‘It was a miracle’: N.B. couple issues warning after snowmobiles plunge into icy river
It’s a route Darcie King and her husband Tom have taken for years with their snowmobiles — across the Miramichi River and under the Morrissy Bridge to get to off-road trails. But after setting out to meet with some friends and go to dinner Friday evening, the couple didn’t realize they’d soon be fighting for their lives.
They were riding safely apart from each other and following tracks that were already imprinted in the snowy ice, but then something went wrong.
“I looked down and noticed that I was starting to sink,” says Darcie.
She tried to roll off the snowmobile onto the ice nearby, but every piece she grabbed kept breaking.
The Kings were travelling a safe distance apart from each other but lost sight of one another when they both went under.
“There was one point and I just … I was exhausted,” says Tom. “I just sort of [thought] ‘Well, I think it’s over.'”
After about 10 minutes of trying to get out of the water, he finally was able to get himself up and onto ice that was stable enough to support him.
But the trouble didn’t stop there.
Tom was up on the ice and trying to get his bearings after plunging into the chilling, icy Miramichi River.
“You just did the fight of your life for all intents and purposes and you get out and you expect to be relieved to see her,” he says. “And then she’s in the same situation.”
He called for his wife numerous times, before finally hearing, “I’m over here.”
Tom made his way towards Darcie to try to rescue her, but she demanded he not risk his own safety on the ice.
“Stay back, you have to stay safe, you have to get out of here. You have to be the parent for our daughter,” says Darcie. “I said, ‘Our older boys can look after themselves, but she can’t… she’s 11; she needs one parent and I’m not coming out of here alive.'”

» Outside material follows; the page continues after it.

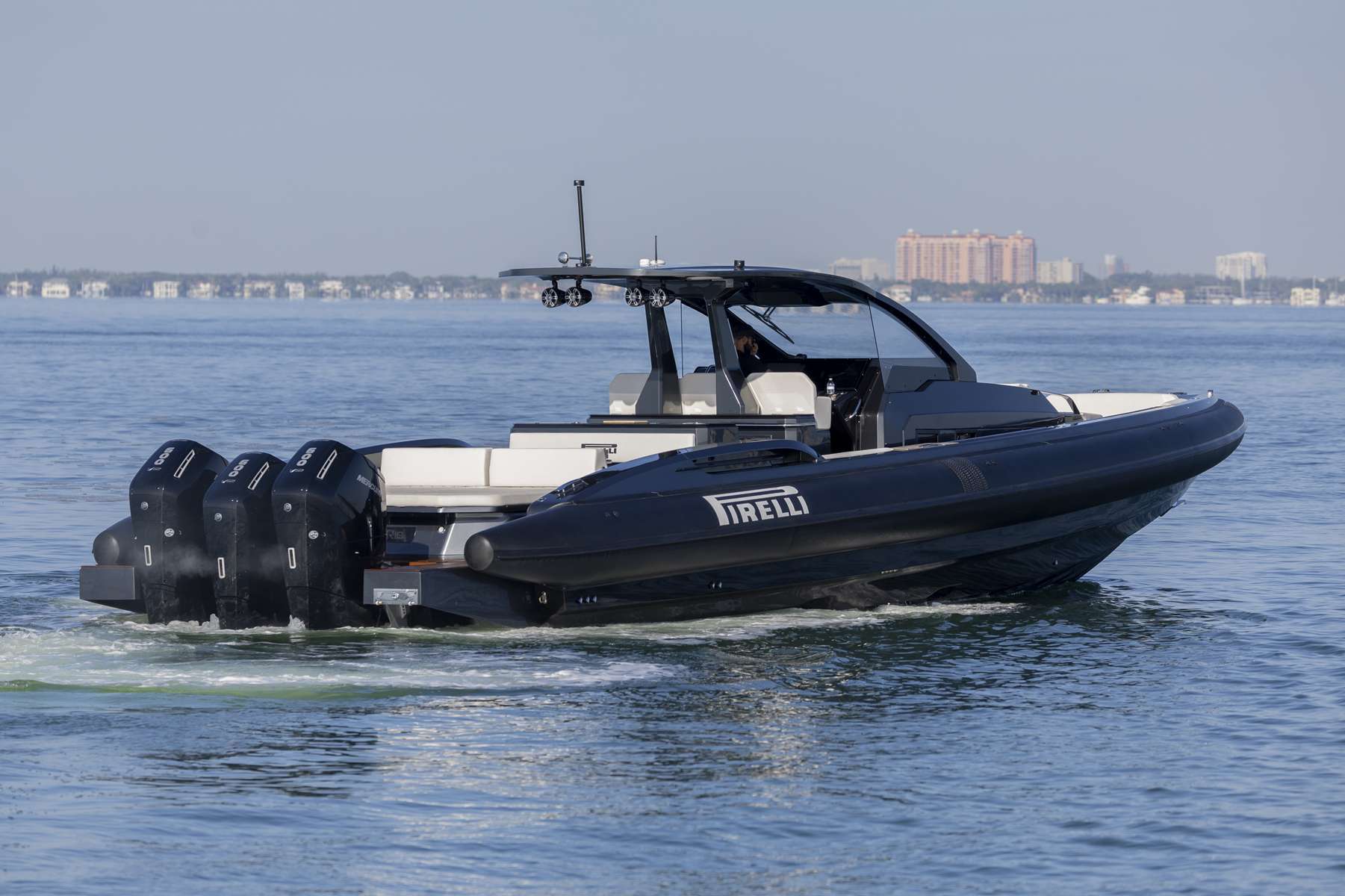 Le PIRELLI 50 hors-bord offre une navigation fluide et réactive, pensée pour ceux qui recherchent puissance et contrôle. Ses moteurs nouvelle génération assurent précision, stabilité et confort même à haute vitesse. À l’avant, un véritable lounge avec double sofa et large bain de soleil invite à la détente, tandis que les intérieurs raffinés et les passavants sécurisés allient fonctionnalité et style italien inimitable.

The two started to talk things over, and Darcie, who estimates she was fighting for her life in the river for between 30 to 35 minutes, managed to get her phone out of her snowsuit and threw it to her husband to call 911.
The Kings eventually noticed a light coming towards them, but shouted at the person who started walking towards them to stop.

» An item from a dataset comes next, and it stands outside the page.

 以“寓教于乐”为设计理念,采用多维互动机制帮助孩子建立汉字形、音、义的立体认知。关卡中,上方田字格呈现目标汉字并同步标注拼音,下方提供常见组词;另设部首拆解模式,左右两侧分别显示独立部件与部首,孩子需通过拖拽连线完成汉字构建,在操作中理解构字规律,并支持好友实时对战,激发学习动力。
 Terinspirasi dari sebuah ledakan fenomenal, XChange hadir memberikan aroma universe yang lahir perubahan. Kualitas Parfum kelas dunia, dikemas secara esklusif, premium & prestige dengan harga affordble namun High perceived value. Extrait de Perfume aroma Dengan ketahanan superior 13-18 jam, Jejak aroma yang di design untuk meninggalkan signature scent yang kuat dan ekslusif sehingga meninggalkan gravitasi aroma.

“We told her, ‘Stay back, stay back, we’re waiting for help,'” says Tom. “When she got close enough, she said, ‘I am the help.'”
Const. Julie O’Donnell was in the area for another call and was first on scene.
“We made a daisy-chain and I pulled on her and she pulled on Darcie,” says Tom. “She was able to hang on to [Darcie] and get her out up onto the ice.”
“It was so selfless of her to come and do that,” says Darcie. “What she did… I can’t imagine anyone doing that for someone else.”
O’Donnell respectfully declined an interview request from Global News.
The couple were treated for hypothermia following their plunges, and Darcie still has swollen hands to show for it.
But they’re doing what they can to try to get their lives back to normal.
“I just praise the Good Lord above that we came out of this, but it’s a miracle,” says Darcie. “It’s a miracle that we did.”
She says she’d be back on a snowmobile today if she had the chance, but admits they’ll never cross the river again.
“You never know … you do not know what’s happening under that snow if there’s ice,” she says.
“Please people, please do not travel the ice on a snowmobile.”